Laura didn’t tell Paul about the lessons.

Although she felt uneasy about not telling him, she agreed with Bea that Miss Myrtle learning to read was personal and private.

Besides, Laura had a nagging feeling that Paul might not approve.

The lessons were going very well and Laura looked forward to Tuesdays.

On other days, too, whenever Miss Myrtle could get away from the Hawthorns and Johan wasn’t on duty at the hotel, the three would meet at Bea’s house.

Midway through each session, Bea was in the habit of taking a tray of milk and cookies into the little sitting-room.

When she did so one evening in late April, Myrtle rose from her seat.

“Miss Sinclair, in case I don’t see you before the wedding . . .” She smiled, offering a small package in tissue paper.

“Here is something blue for your special day.”

“Oh, thank you!” Bea murmured, touched.

Bending to kiss the elderly woman’s cheek, she carefully unwrapped a fine handkerchief in a delicate shade of blue, edged with lace and embroidered with posies of spring flowers.

“I never saw anything so beautiful! I’ll treasure this gift always, Miss Myrtle.”

“You’re welcome.” Myrtle beamed. “May you and your man have years of happiness together.”

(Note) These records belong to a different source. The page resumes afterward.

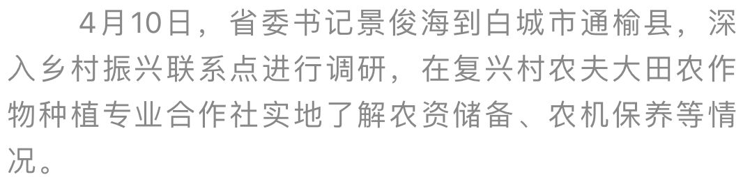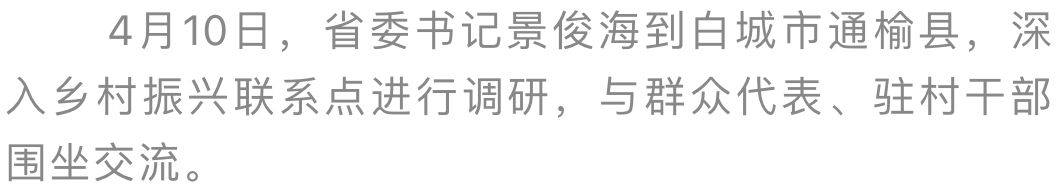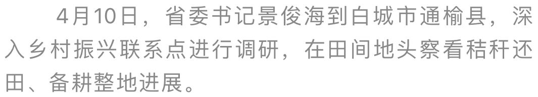 贯彻落实党中央大兴调查研究的决策部署,今天(4月10日),省委书记景俊海到白城市通榆县,深入乡村振兴联系点进行调研。他强调,要坚持以习近平新时代中国特色社会主义思想为指引,全面落实党的二十大和全国两会精神,扎实做好备春耕生产各项工作,坚决扛稳维护国家粮食安全重任;加快现代农业建设,引领乡村全面振兴,有力有效夯实吉林高质量发展根基。
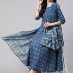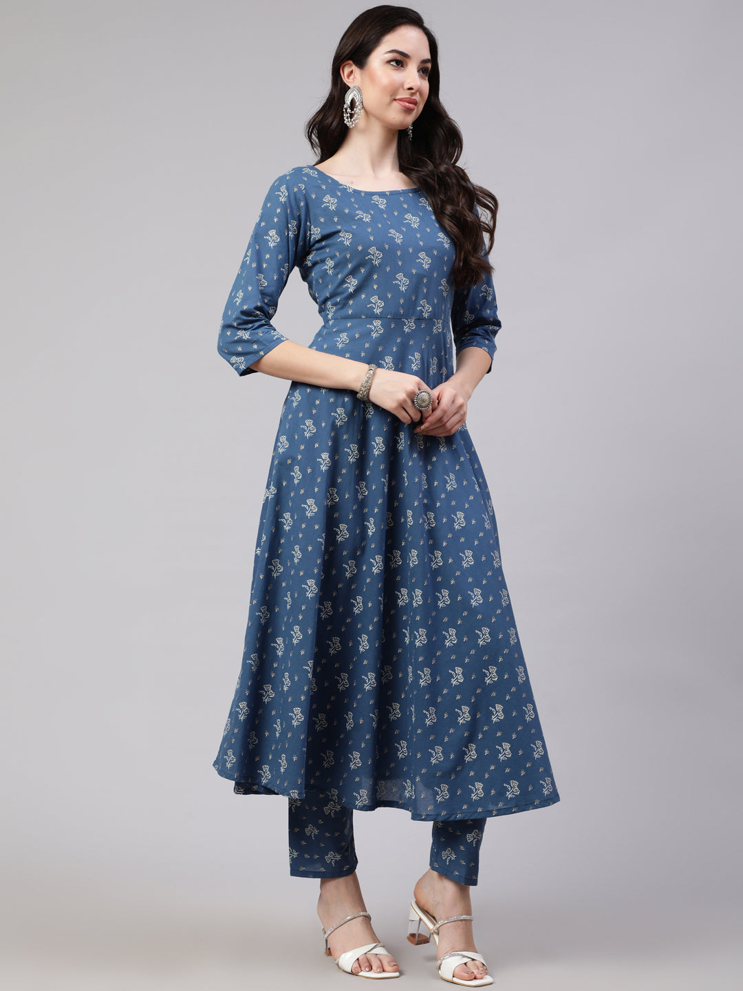 Blue Floral Printed Anarkali Kurta With Trouser And Dupatta
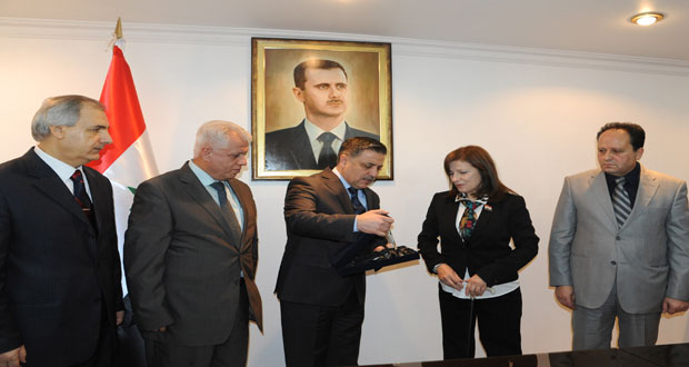 وقدم وزير التعليم العالي ورئيس جامعة دمشق درعا تكريميا للدكتورة دانون.
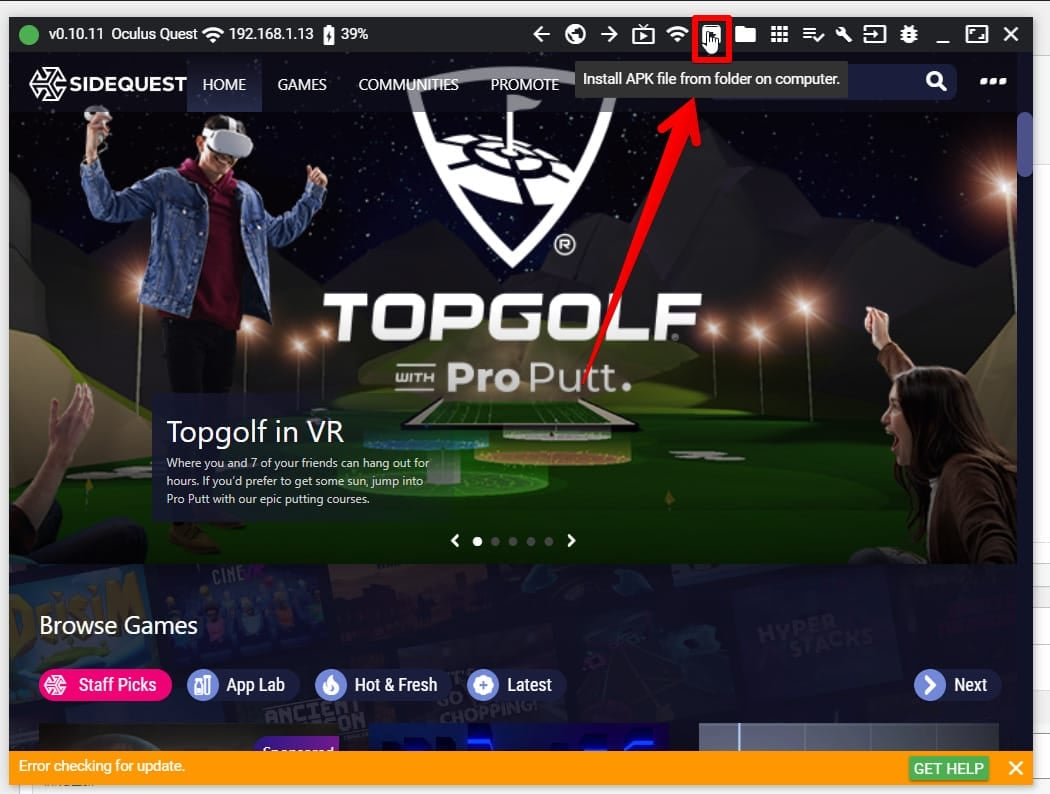 ここではグラフィカルにインストール出来るSideQuestでのやり方を記述します。

At the end of the evening, Johan walked Myrtle to the Hawthorns, as he did after every lesson, while Laura stayed to help her sister with the new house.

“Wasn’t it kind of Miss Myrtle to think of me?” Bea said as they worked.

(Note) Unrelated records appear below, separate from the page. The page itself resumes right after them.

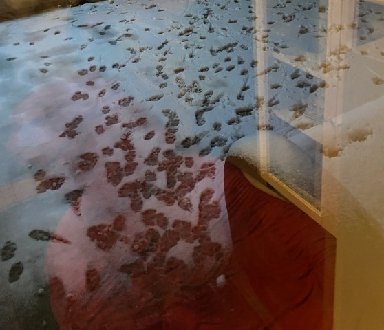 sieht deutlich, wer zuletzt drauf gesessen hat. Und die Tür nach draußen,
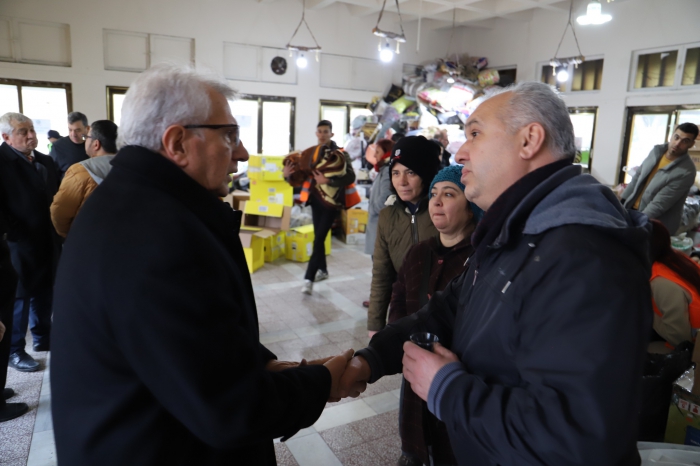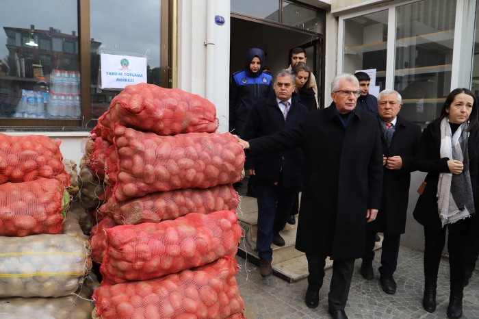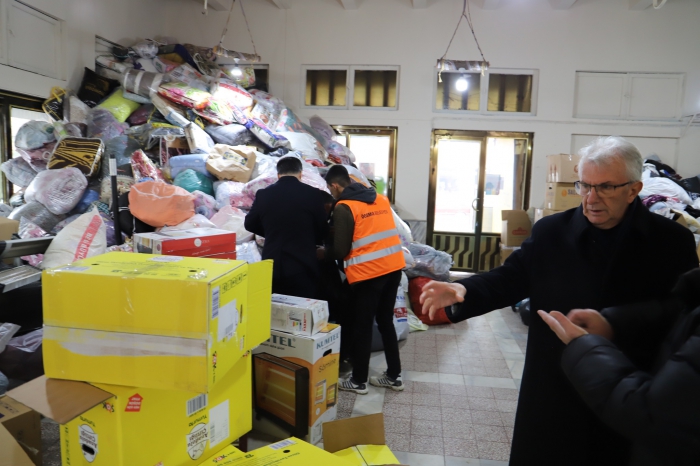 “GÖNÜL İLETİSİ OLARAK ULAŞTIRACAĞIZ” Acıların hafifletilmesi adına bu kampanyaya destek veren her bir hemşehrime çok teşekkür ediyorum. Burada yardımların kabul işlemlerinde görev yapan çalışma arkadaşlarımıza ve gönüllülerimize de kolaylıklar diliyorum. Bu güzel yardımları gönül iletisi olarak ulaştırmak üzere var gücümüzle çalışacağız. Gönüllü olup kamyonuyla, TIR’ıyla nakliyeye destek vermek için arayan hemşehrilerimiz oldu. Acıları hep birlikte böyle hafifletmek için mücadele edeceğiz. İzmir Büyükşehir Belediyemizin koordinasyonuyla hareket ediyoruz. Tüm yardımlar Fuar İzmir’de birleştirilip bölgeye sevk edilecek. Hemşehrilerimiz de yardımları için 0232 544 20 30 numaralı telefondan bize ulaşabilirler. Afette yitirdiğimiz yurttaşlarımıza Allah’tan rahmet, yaralılarımıza acil şifalar, kurtarma ekiplerimize kolaylıklar diliyorum. Bir kez daha geçmiş olsun dileklerimi sunuyorum” dedi.
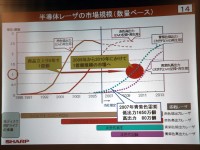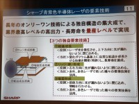 発表会にて大塚氏は、同社半導体レーザー事業について紹介した。同社はこれまで、CD用赤外、DVD用赤色、次世代用青紫色の3波長のレーザーの開発において業界をリードしてきたという。現在同社は3波長のレーザー素子や全て量産しており、「シャープは、レーザー、ピックアップ、商品と、川上から川下までを垂直統合するのを得意としている」と同氏は語った。

“I’ve never seen such exquisite needlework.”

“You should see the cradle quilt she’s making for baby Myrtle,” Laura replied, folding brand-new table linen into the dresser drawer. “It’s so pretty.

“She wants to put a note inside when she sends the quilt to Canada, so Johan’s setting her writing exercises now.

“He told Miss Myrtle she’ll be writing letters in no time.”

“When he passes his course,” Bea opined, “it will be a fortunate town that engages him to teach at their school.”